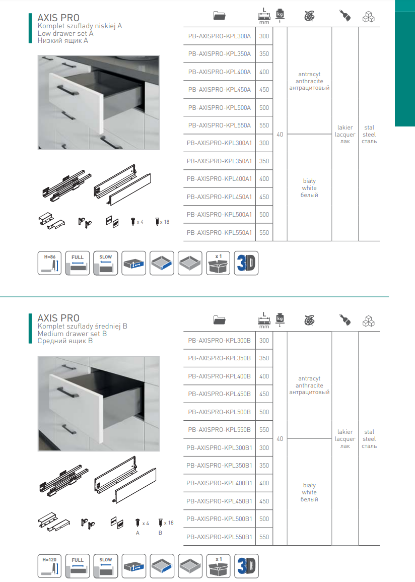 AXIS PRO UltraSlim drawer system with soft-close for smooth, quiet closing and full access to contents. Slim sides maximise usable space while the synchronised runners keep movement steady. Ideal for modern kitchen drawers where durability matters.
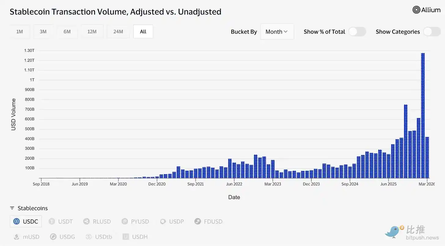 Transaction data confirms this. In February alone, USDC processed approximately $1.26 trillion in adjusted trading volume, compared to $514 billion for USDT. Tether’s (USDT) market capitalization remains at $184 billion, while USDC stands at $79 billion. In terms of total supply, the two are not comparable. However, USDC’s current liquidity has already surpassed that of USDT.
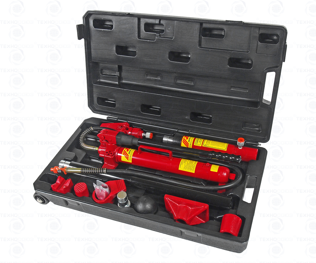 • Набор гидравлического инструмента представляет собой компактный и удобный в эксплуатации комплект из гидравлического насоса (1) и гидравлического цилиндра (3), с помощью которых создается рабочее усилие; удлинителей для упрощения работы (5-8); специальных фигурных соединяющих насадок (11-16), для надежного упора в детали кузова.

* * *

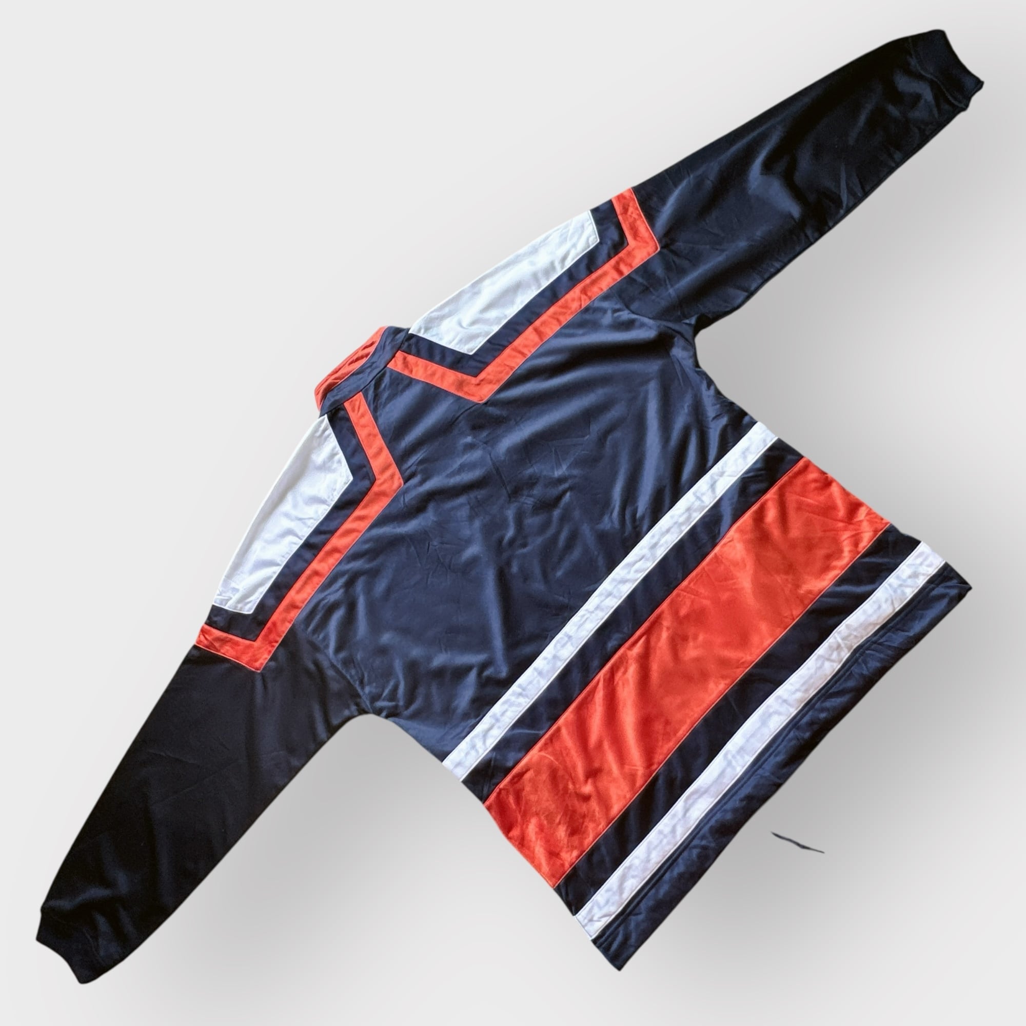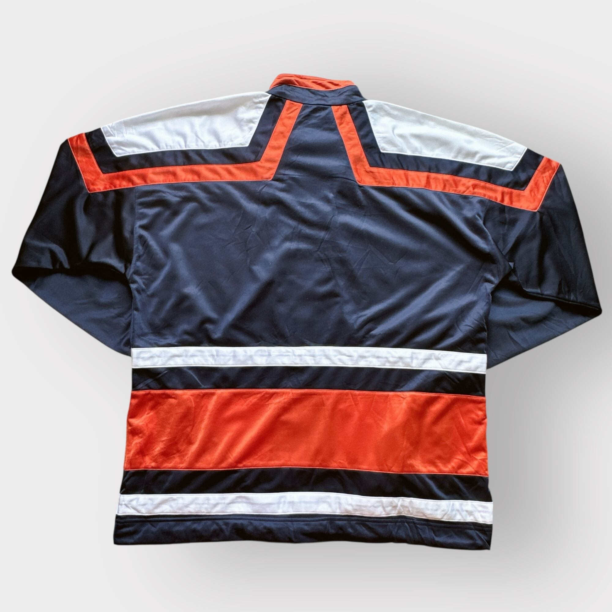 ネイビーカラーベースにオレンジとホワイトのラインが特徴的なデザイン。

→ Exercise prompt
Only one stretch of the data is wanted: write out exactly the lines from the one holding "Transaction data confirms" through the one holding "в детали кузова.", both included, without the pictures.

→ The answer
 Transaction data confirms this. In February alone, USDC processed approximately $1.26 trillion in adjusted trading volume, compared to $514 billion for USDT. Tether’s (USDT) market capitalization remains at $184 billion, while USDC stands at $79 billion. In terms of total supply, the two are not comparable. However, USDC’s current liquidity has already surpassed that of USDT.
 • Набор гидравлического инструмента представляет собой компактный и удобный в эксплуатации комплект из гидравлического насоса (1) и гидравлического цилиндра (3), с помощью которых создается рабочее усилие; удлинителей для упрощения работы (5-8); специальных фигурных соединяющих насадок (11-16), для надежного упора в детали кузова.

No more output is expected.